She comes home late in the afternoon to find the radio on in the kitchen and the windows open, but no sign of Geoffrey.

_"And the strange unseasonable weather in southern Ontario has disappeared as quickly and mysteriously as it came. Temperatures are rising again, and should be at least five degrees above by Monday..."_

She snaps off the weather forecast and takes a moment to breathe in the fresh, balmy air. There's a scent on the breeze, flowers and spices like the last breath of an Indian summer. Stepping across to the window, she finds him at last. Geoffrey is lying flat on his back on the lawn, the sprawl of his limbs marked by a certain peace.

Even with his eyes closed, he seems to know she's watching, and he smiles. She fights the urge to kill him and yells, "Geoffrey! Where the hell have you been?"

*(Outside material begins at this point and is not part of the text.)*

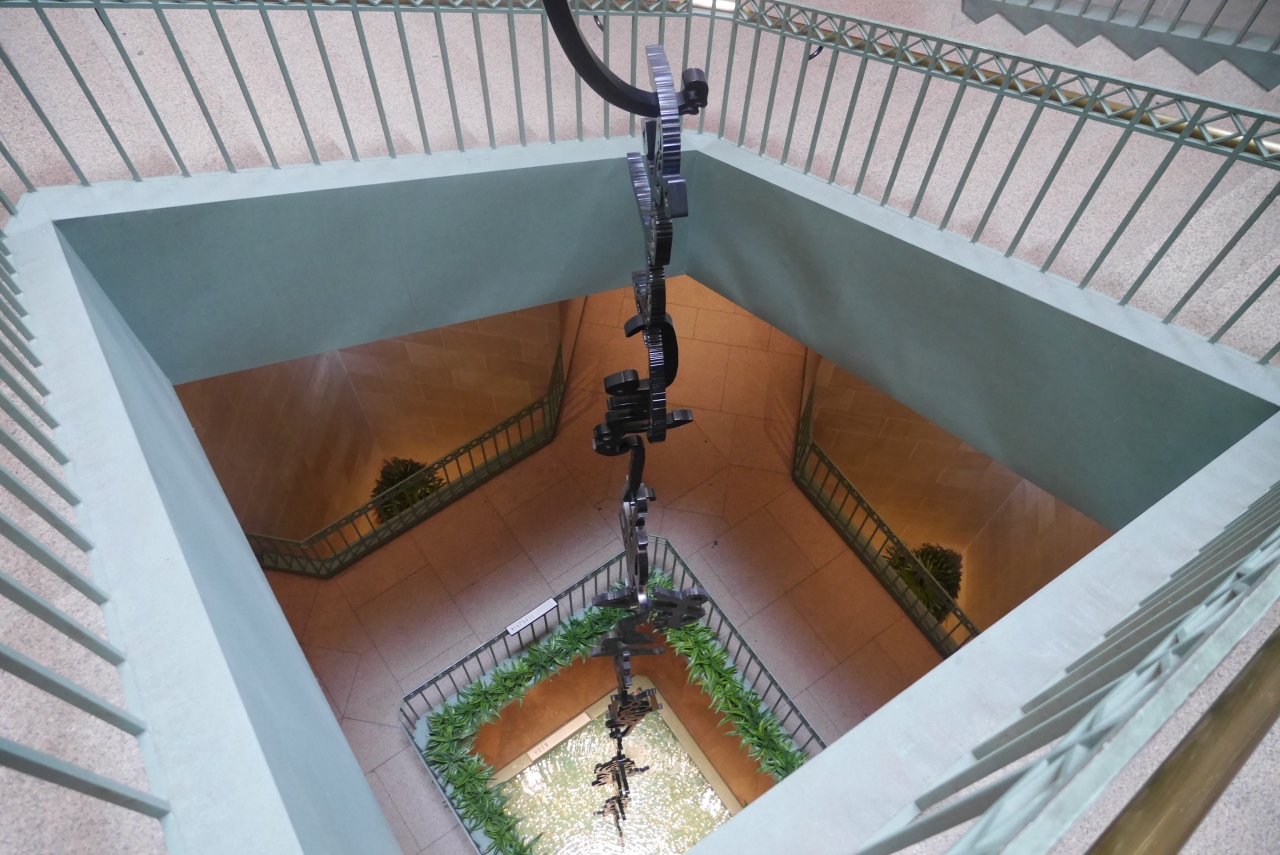 地下3階まで見下ろせる階段空間には自在鉤のような下げ物が飾られ、その下には池があり、不思議な空間を形作っています。

"Listening to the silence," he says, still with the smile. He's very pale, she notices, and his hands and feet are bare and must be half-frozen with cold. Patches of white still cling to the garden, blades of grass poking sharply through the last of the blanket, but every leaf is dripping and the world is alive with the sound of running water. "Listening," he says, more quietly, "to the snow melt."

_I love you, she thinks_. "You worried me half to death, Geoffrey, you fucking _idiot_."

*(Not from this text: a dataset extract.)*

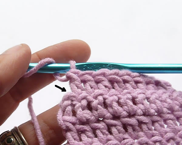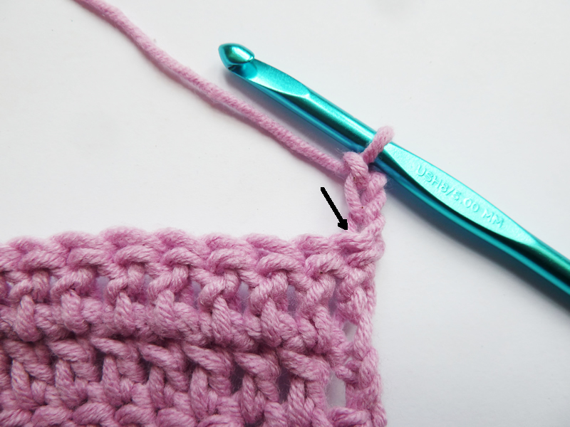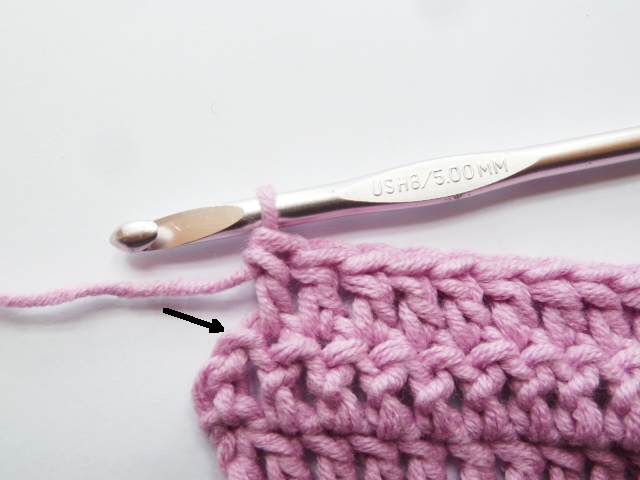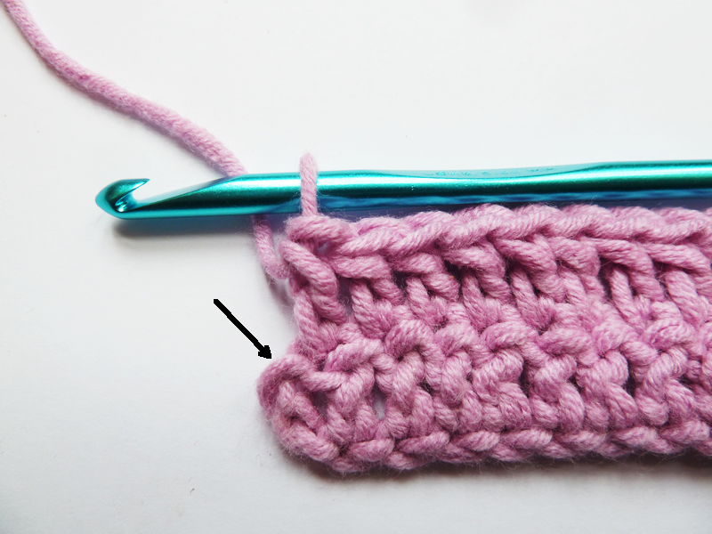En fin de rang, attention de bien crocheter dans les 3 ml du début du rang précédent, indiquées par la flèche, qui comptent comme une maille tout à fait normale.

"Yeah," he says, rueful, "I know."

Without thinking she's gone through the window and out into the garden, sitting with him in the coming warmth of the wind. "God, you're crazy," she says after a while.

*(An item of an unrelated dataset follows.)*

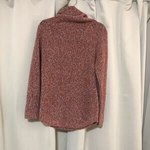 Natural Reflections Cowl Neck Sweater - A soft nubby knit sweater made from recycled materials, featuring specks of color throughout the fabric. Also features a ribbed collar, cuff and hem. Color is called “red clay”

He nods, and sitting up, he kisses her. Even his mouth tastes of rainwater, harsh and cold, and she reaches for his hands. "You're freezing, Geoffrey. Come inside."

"The wind's changed," he says, wonderingly, and leans on her as she leads him home.

*

The day ends with an early sunset, the air rich with the promise of warmth, and Geoffrey falls asleep to the sound of silence. Ellen walks around the flower-scented house, quiet and still, and listens to him breathe.


End file.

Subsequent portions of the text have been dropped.